Failure to translate research into practice is common. The present study implemented an evidence-based model of care to address identified evidence-practice gaps in our department's weight management service.

Methods

Implementation science frameworks were used to identify barriers to best practice and determine appropriate strategies to overcome them. No practice change occurred pre-implementation. The new model of care incorporated evidence-based interventions into a flowchart, supported by written resources, and integrated routine data collection into clinic processes. Alignment with a statewide telephone counselling program enhanced service capacity. Data were collected for adult patients whose primary intervention was weight management at a South-East Queensland hospital and included service attendance metrics, anthropometry, diet quality, and interventions delivered, and were compared with guidelines. Change in outcomes was calculated at 3 months after initial appointments.

Results

Pre-implementation, 69.2% (n = 91) of patients referred were seen by a dietitian.
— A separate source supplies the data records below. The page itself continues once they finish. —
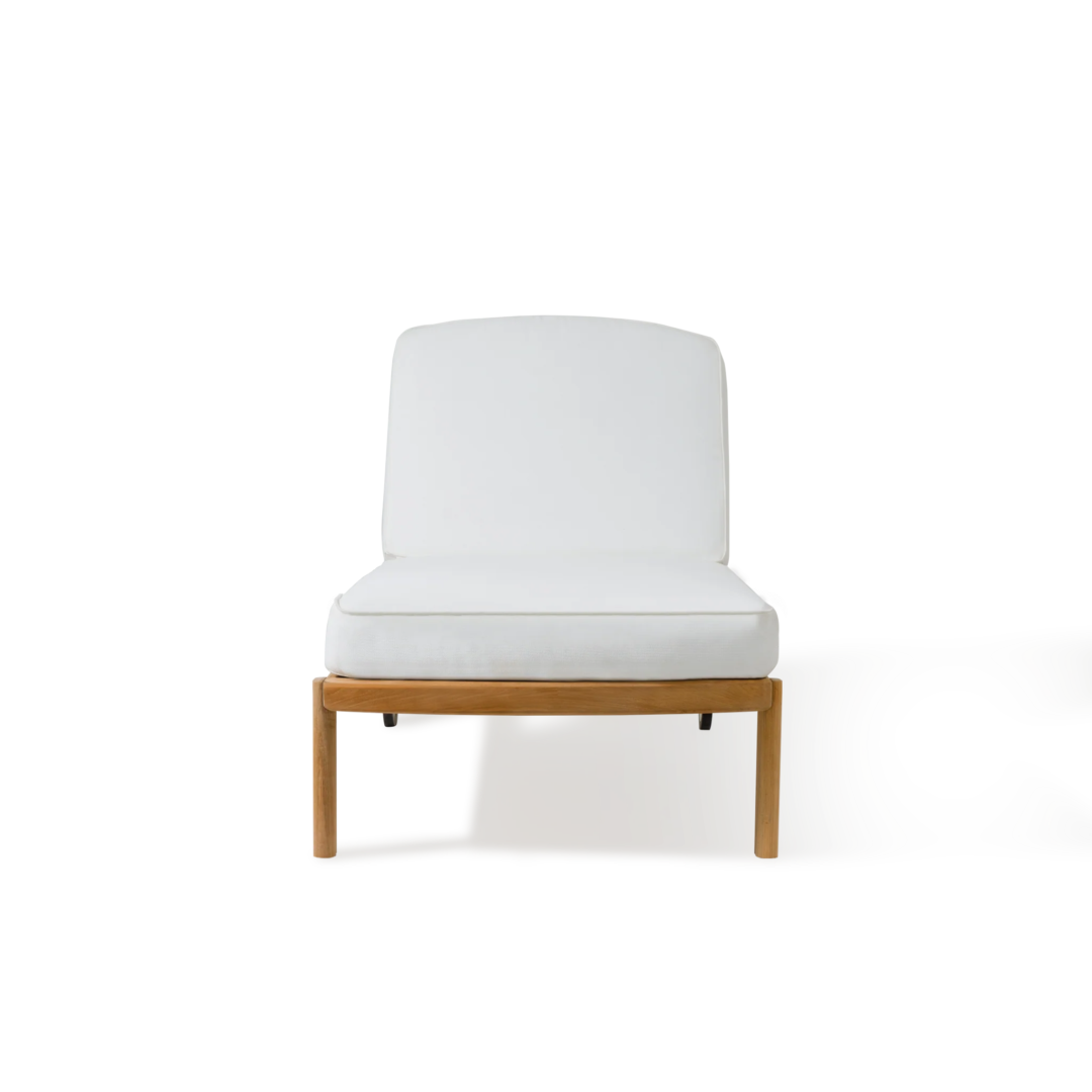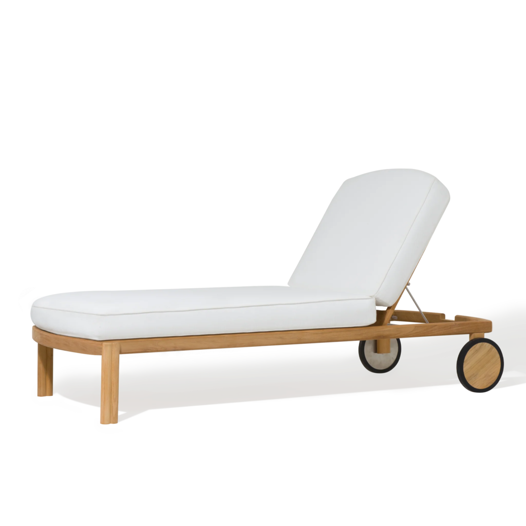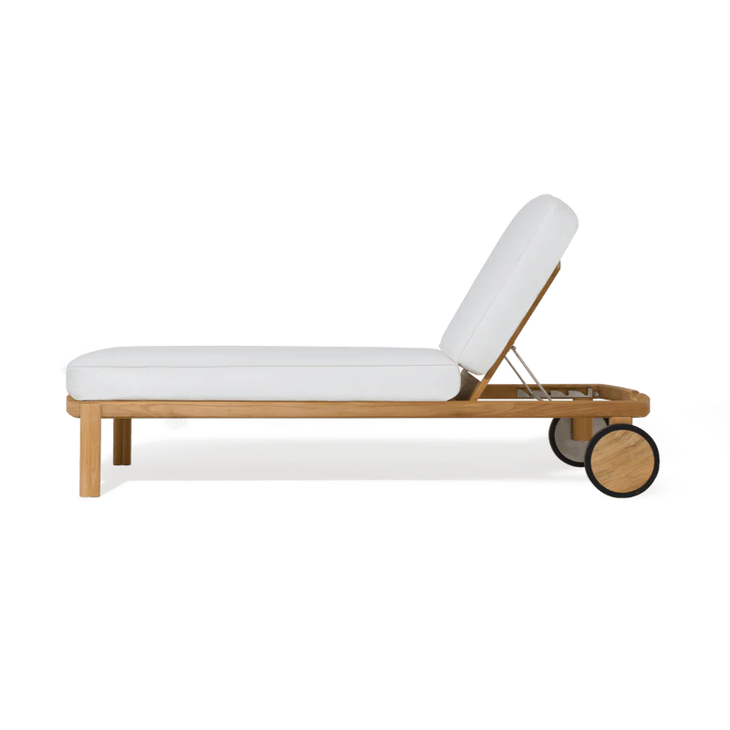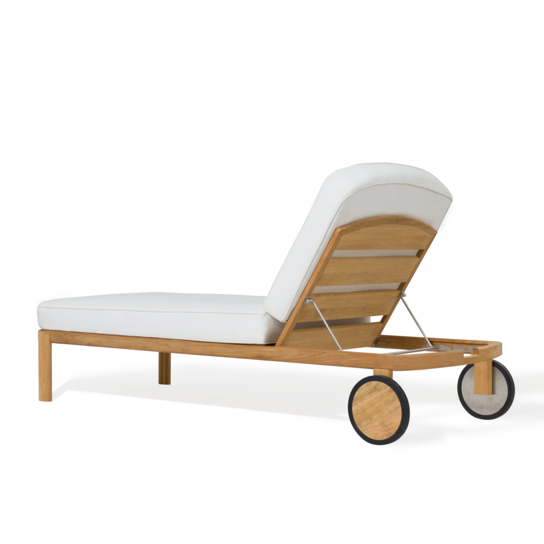 Influenced by modern Australian architecture and landscapes, our Cove Teak collection features special details like double cylindrical legs and curved edges that create soft sculptural silhouettes. The Cove Teak Sun Lounge is contemporary comfort, featuring a refined solid teak frame with an architectural double leg detail and special curved shape that echoes the design language signature to this collection. Enjoy a plush all-weather hinged cushion that invites sink-in comfort. Rear rubberized wheels add function and style. Tracery and light with a footprint to match, this comfort-driven outdoor sun lounge is a versatile design element for any space.
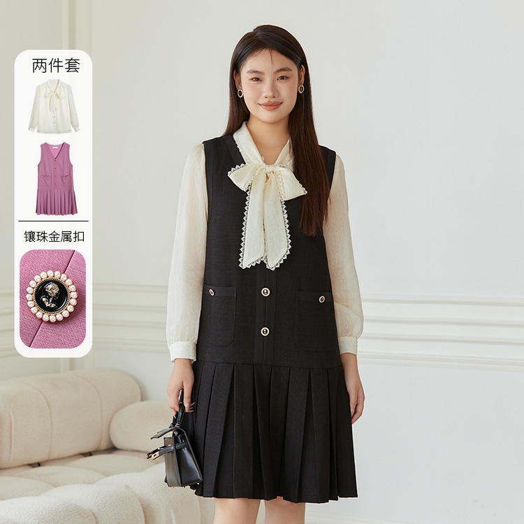 繊莉秀の大きいサイズの女装のフランスの気質はやせている富家の娘の2つのセットの太っている妹の2024春の服装の新型を現します。
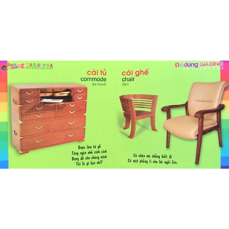 Mỗi trang sách có hình ảnh đi kèm, tên bằng tiếng Việt và tiếng Anh, có hướng dẫn phát âm và bài thơ ngắn đi kèm dễ đọc, dễ thuộc.
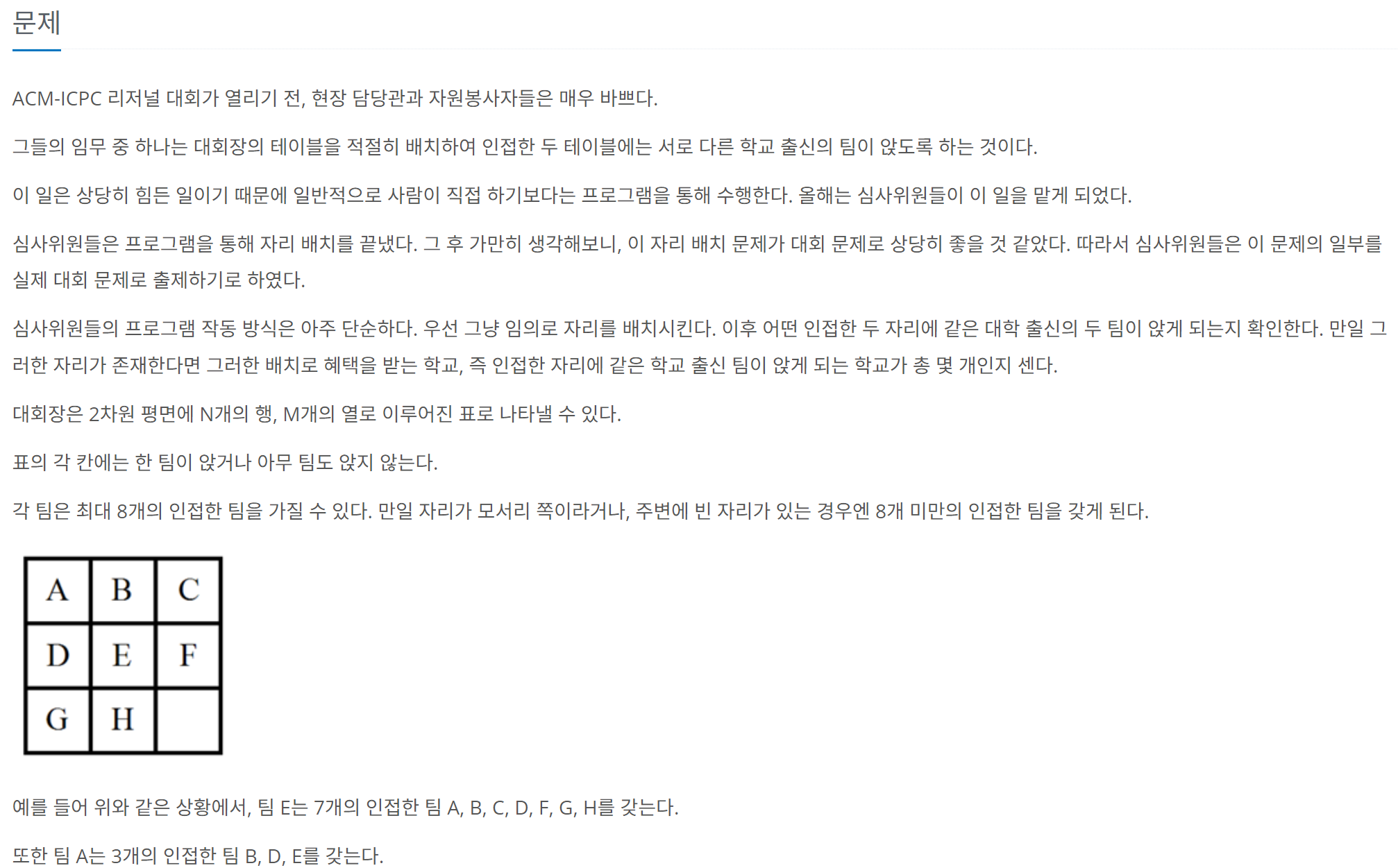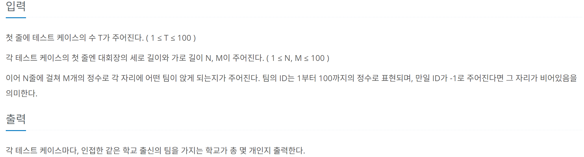문제에 명확히 나와있지는 않은 것 같으나, 팀 ID가 같으면 같은 학교 출신으로 생각하는 것 같다. 팀 ID는 1부터 100까지 가능하므로 bool 배열 chk[101]를 false로 초기화해뒀다. 그리고 자리 배치표에서 한칸 한칸 확인하며 이미 chk가 true이면 확인할 필요가 없고 chk가 false이면 주변 여덟 자리를 살펴보며 같은 ID가 있는지 확인한다. 만약 있다면 그 즉시 chk를 false로 바꾸고 break한다. (AC)

During the new model of care (n = 60), over half (63.3%) were referred to telephone counselling. The remainder were triaged according to the flowchart with 100% attendance. Guideline adherence for reviews significantly increased over time (4.4%–50%, P < 0.001). Follow-up data were available for 31.3% and 54.5% of the pre-implementation and new model of care patients, respectively. No significant differences were observed between outcomes.

Conclusions

The present study demonstrated successful implementation of weight management guidelines within routine clinical care. Following a systematic assessment of existing evidence-practice gaps resulted in a pragmatic evidence-based model of care that could be delivered within service capacity.

Conflict of interest

The authors have no conflicts of interest to declare.